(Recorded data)
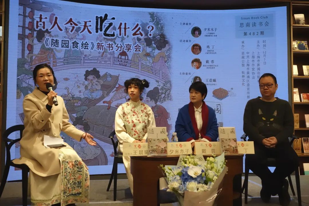 12月7日下午,插畫師夕米木子攜新書《隨園食繪》做客思南讀書會第482期,與復旦大學國際文化交流學院教師戴蓉、懸疑作家雞丁一起,為讀者奉上視覺與味覺的雙重盛宴。牧神文化創始人王晨曦擔任主持。
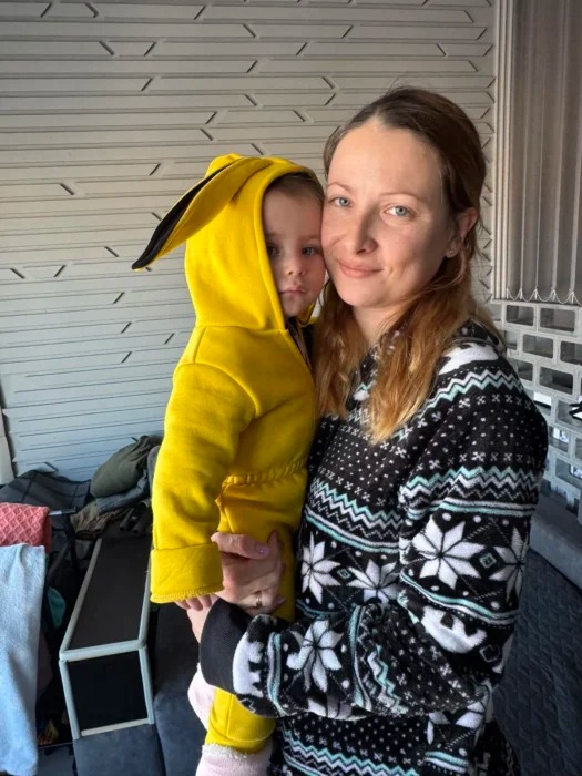 У нас на стелі, вікнах грибок. Доньці Мії рік і місяць, спить в одязі: у штанах, кофті, у двох парах шкарпеток, у теплому костюмі, — каже Катерина. — Дивишся у вікно, деякі сусідні будинки світяться постійно. Ми не проти, щоб у нас вимикали. Але не на сім-вісім годин. В інших будинках є опалення, газ. У нас — тільки бетонна коробка.
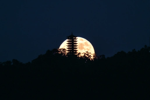 这是月圆之夜,拍摄的重庆缙云山的塔。我们驱车五十多公里,在这郊外等候月亮升起。当时的环境十分安静,除了鸟鸣,什么声音也没有,时间过得十分的慢。山的那边渐渐红起来了,月亮升起来了。赶快按下快门,还没有时间多思考,月亮就升得老高了。又感觉时间过得太快了。
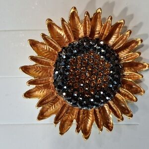 Elegant sunflower brooch featuring gold petals and a black & gold center. Perfect for adding a touch of nature-inspired charm to any outfit! NWT. Bundle with another item for a bundle discount!!
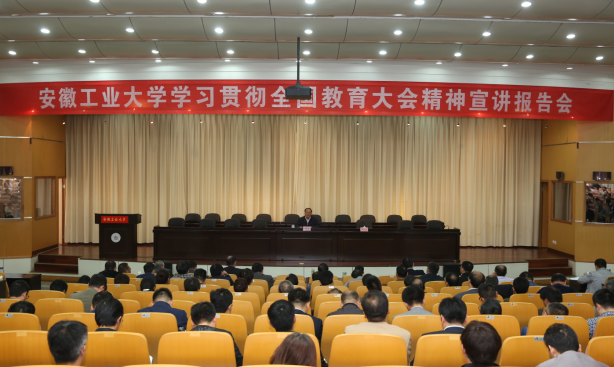 魏先文在主持会议时指出,报告会既是一次学习贯彻全国教育大会精神宣讲会,也是一次领导干部及教师培训会。全校上下要以本次报告会为契机,以时不我待、只争朝夕的精神状态和攻坚克难、拼搏奋进的行动姿态,进一步将必赢学习贯彻全国教育大会精神工作引向深入。一是领导干部要深入学、带头干。把全国教育大会精神转化为谋划发展的思路、推动发展的举措、领导发展的能力,做知行合一的模范。二是全校上下要学而思、信而行。要紧密联系各自工作实际,坚持问题导向、目标导向、效果导向,坚持学以致用、用以促学,切实把全国教育大会精神落实到各自的实际工作中去。三是广大教师要传大道、念真经。要肩负起传播知识、传播思想、传播真理,塑造灵魂、塑造生命、塑造新人的时代重任,真正做学生锤炼品格、学习知识、创新思维、奉献祖国的引路人,教育引导青年学子争做德智体美劳全面发展的社会主义建设者和接班人。
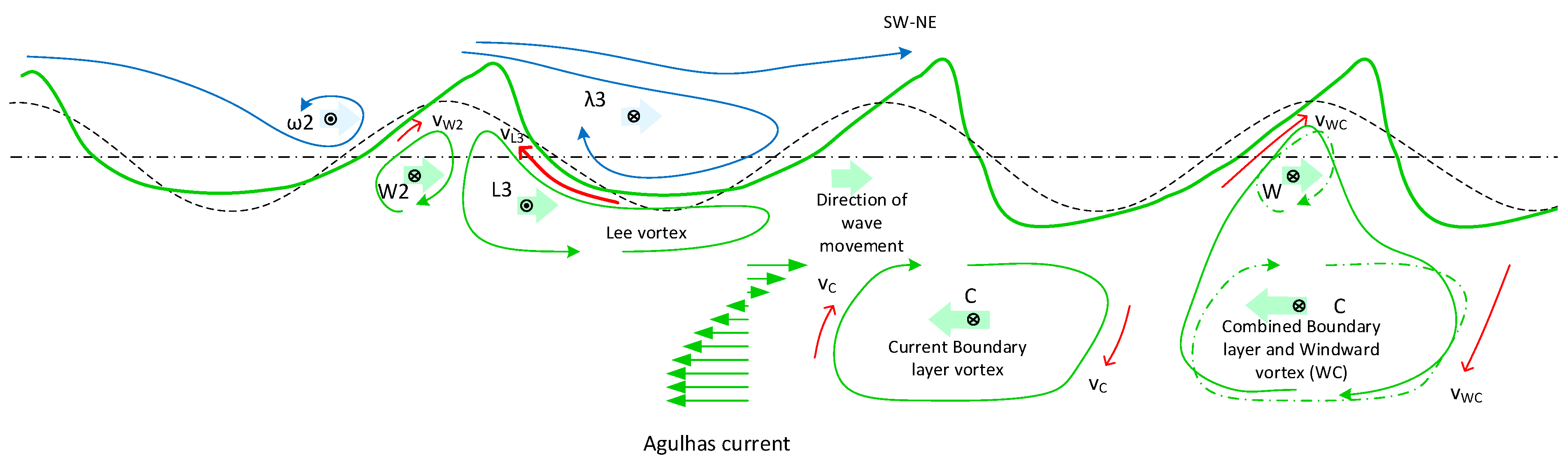 48] and additional mechanisms are necessary to develop the rogue wave characteristics of height, steepness, non-breaking, asymmetrical form, and a preceding trough. This is attributed to several vortex interactions. Wind lee vortices cause wave steepening, especially on the leeward face of the wave. This suppresses wave breaking. The vortices depend on the wind speeds, hence also on the strength of the meteorological cold front. Air boundary layer vortices from the meteorological cold front transfer energy to the wind lee vortices thereby enhancing their wave-sharpening effect. Agulhas current boundary layer vortices (at the water–air surface) interact with water lee vortices to accelerate a jet of water between them, thereby steepening the wave forward by removing water from the foot of the wave, and also enhancing the preceding trough. Bathymetric topology, especially a canyon on the shelf break (continental slope), generates a vortex in the flow of the Agulhas current. The upper end of this rope-like vortex is detached from the canyon by prising of the coastal downwelling current (induced by the meteorological cold front). The vortex moves upwards and combines with the water lee vortex to drive heightening of the wave and scavenging of the preceding trough. Jetting arises when the canyon vortex and the Agulhas current boundary layer vortices pass each other, thereby accentuating wave height, steepness, and asymmetry. In addition, slope vortices arise from frictional movement of the Agulhas current along the continental slope, which reinforce the canyon vortices.
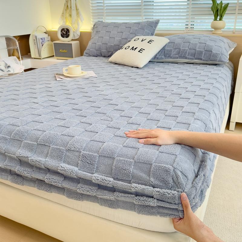 Комплект из 3 шт./комплект из цельного бархата, простыни на резинке, 1 шт., чехол для матраса, 2 шт., наволочка, мягкий эластичный чехол для матраса, теплое постельное белье 90x190x30cm
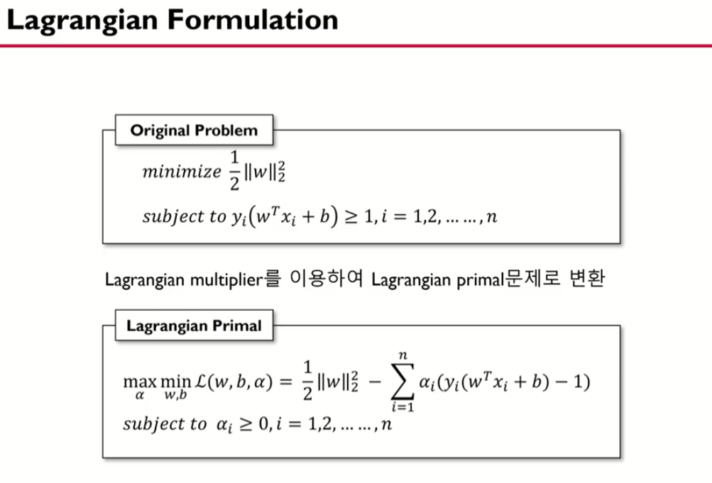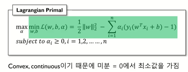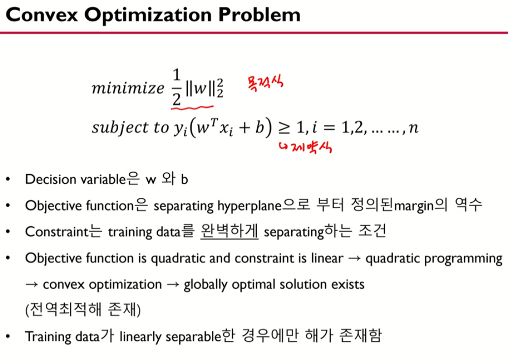 목적식을 최소로 하는 w와 b를 찾는 것이 목표임

TASK BRIEF:
Reproduce exactly, with no pictures, the lines above from the one holding "У нас на стелі, вікнах" to the one holding "这是月圆之夜,拍摄的重庆缙云", inclusive.

EXERCISE OUTPUT:
 У нас на стелі, вікнах грибок. Доньці Мії рік і місяць, спить в одязі: у штанах, кофті, у двох парах шкарпеток, у теплому костюмі, — каже Катерина. — Дивишся у вікно, деякі сусідні будинки світяться постійно. Ми не проти, щоб у нас вимикали. Але не на сім-вісім годин. В інших будинках є опалення, газ. У нас — тільки бетонна коробка.
 这是月圆之夜,拍摄的重庆缙云山的塔。我们驱车五十多公里,在这郊外等候月亮升起。当时的环境十分安静,除了鸟鸣,什么声音也没有,时间过得十分的慢。山的那边渐渐红起来了,月亮升起来了。赶快按下快门,还没有时间多思考,月亮就升得老高了。又感觉时间过得太快了。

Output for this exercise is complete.